Set down the full listing exactly as given. Any pictures are to be left out.

Information provided Block Start

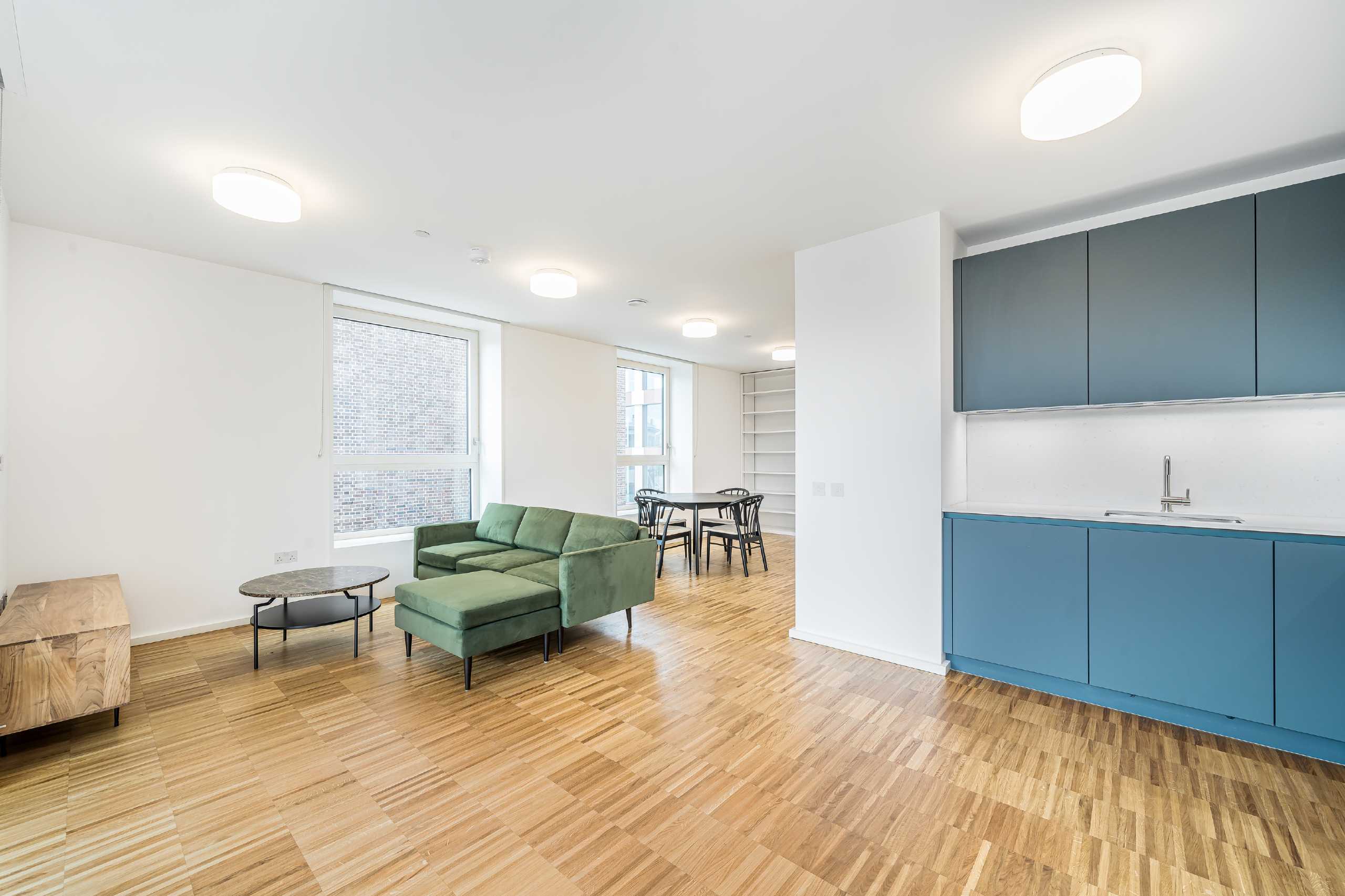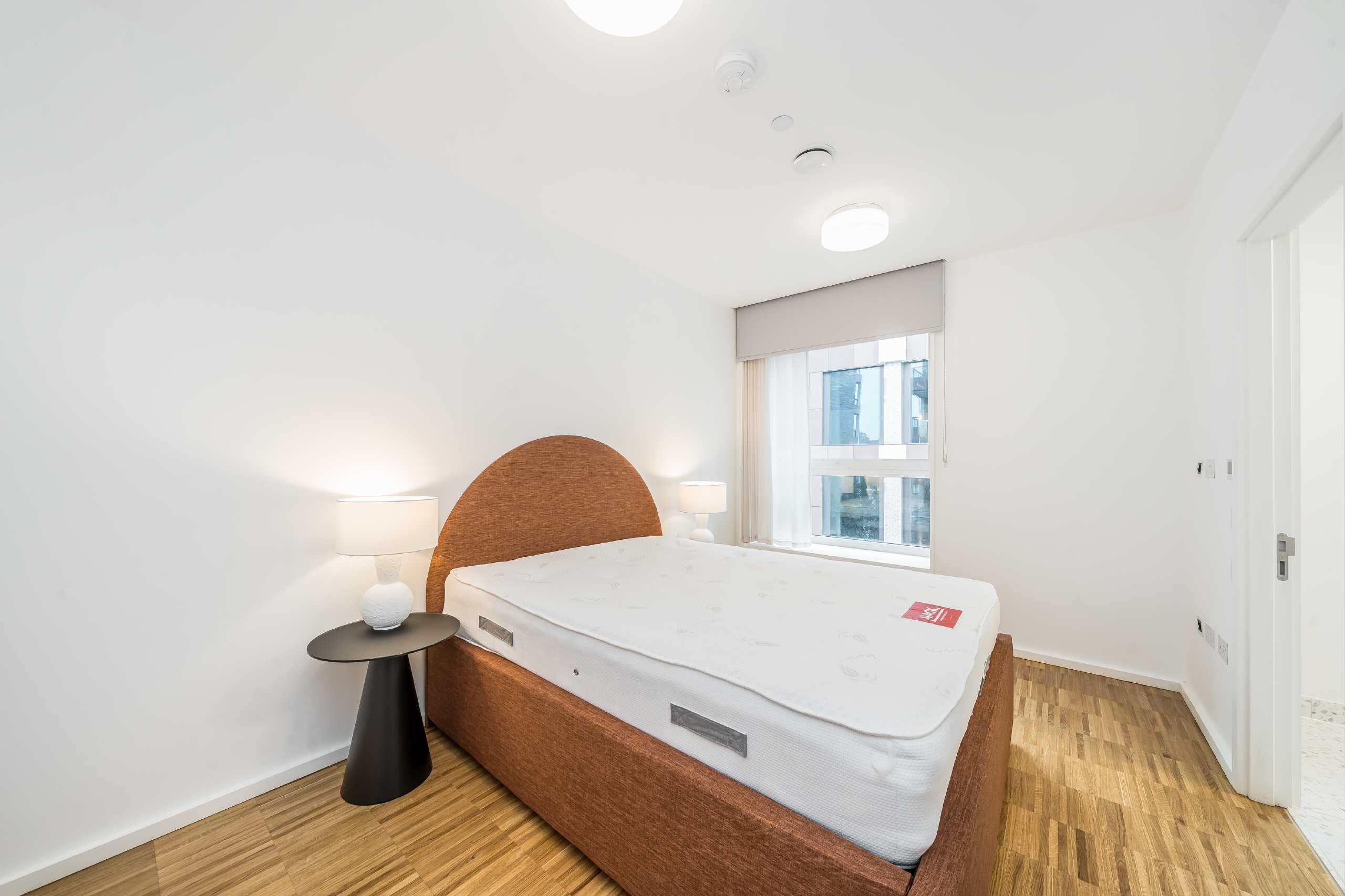 A stunning two bedroom apartment in this contemporary development with a spacious open plan kitchen and living area leading to a big private balcony, allowing plenty of natural light. The kitchen has quartz worktops with a full height splash back and Siemens appliances throughout. The bedrooms are large with plenty of built-in storage.
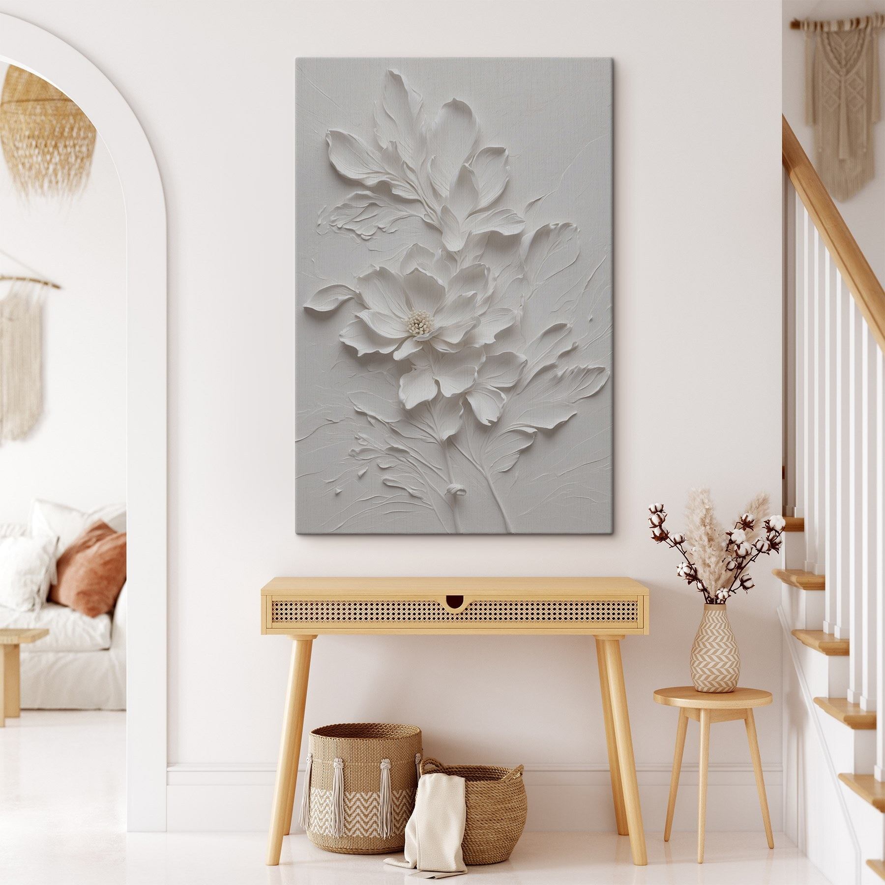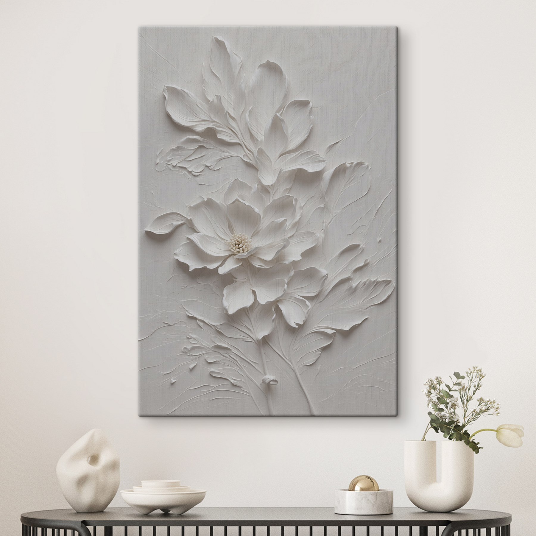 Deze canvasprint, getiteld “Delicate White Floral Design Artwork”, is een prachtige aanwinst voor elke ruimte. Stel het je eens voor in je woonkamer – die zachte, ingewikkelde bloemen lijken bijna van het doek af te bloeien! Het heeft een serene, elegante uitstraling waardoor de hele kamer op de een of andere manier vrediger aanvoelt. Perfect voor als je een moment van zen wilt. Het is geweldig voor natuurliefhebbers en iedereen die van mooie kunst houdt. Je zult merken dat je er gewoon naar staart en je afvraagt hoe zoiets simpels zo fascinerend kan zijn. Of je nu een doorgewinterde kunstverzamelaar bent of gewoon iemand die van schoonheid houdt, dit kunstwerk heeft de gave om elke dag een beetje mooier te maken. Bovendien is het veelzijdig – het past in elke interieurstijl zonder de aandacht te stelen, net als de zelfverzekerde beste vriend die we allemaal nodig hebben.
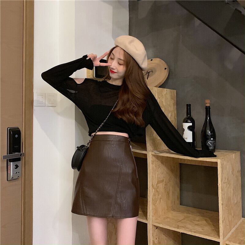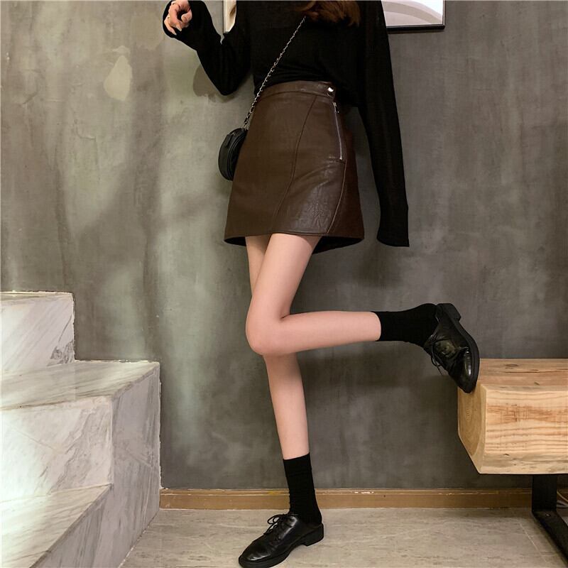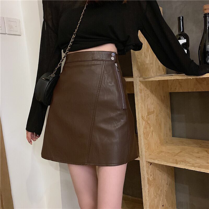 オータムハイウェストウェストレザージッパーショートスカート 秋物 YY-ファッション69241937825

Information provided Block End

(Written answer)
 A stunning two bedroom apartment in this contemporary development with a spacious open plan kitchen and living area leading to a big private balcony, allowing plenty of natural light. The kitchen has quartz worktops with a full height splash back and Siemens appliances throughout. The bedrooms are large with plenty of built-in storage.
 Deze canvasprint, getiteld “Delicate White Floral Design Artwork”, is een prachtige aanwinst voor elke ruimte. Stel het je eens voor in je woonkamer – die zachte, ingewikkelde bloemen lijken bijna van het doek af te bloeien! Het heeft een serene, elegante uitstraling waardoor de hele kamer op de een of andere manier vrediger aanvoelt. Perfect voor als je een moment van zen wilt. Het is geweldig voor natuurliefhebbers en iedereen die van mooie kunst houdt. Je zult merken dat je er gewoon naar staart en je afvraagt hoe zoiets simpels zo fascinerend kan zijn. Of je nu een doorgewinterde kunstverzamelaar bent of gewoon iemand die van schoonheid houdt, dit kunstwerk heeft de gave om elke dag een beetje mooier te maken. Bovendien is het veelzijdig – het past in elke interieurstijl zonder de aandacht te stelen, net als de zelfverzekerde beste vriend die we allemaal nodig hebben.
 オータムハイウェストウェストレザージッパーショートスカート 秋物 YY-ファッション69241937825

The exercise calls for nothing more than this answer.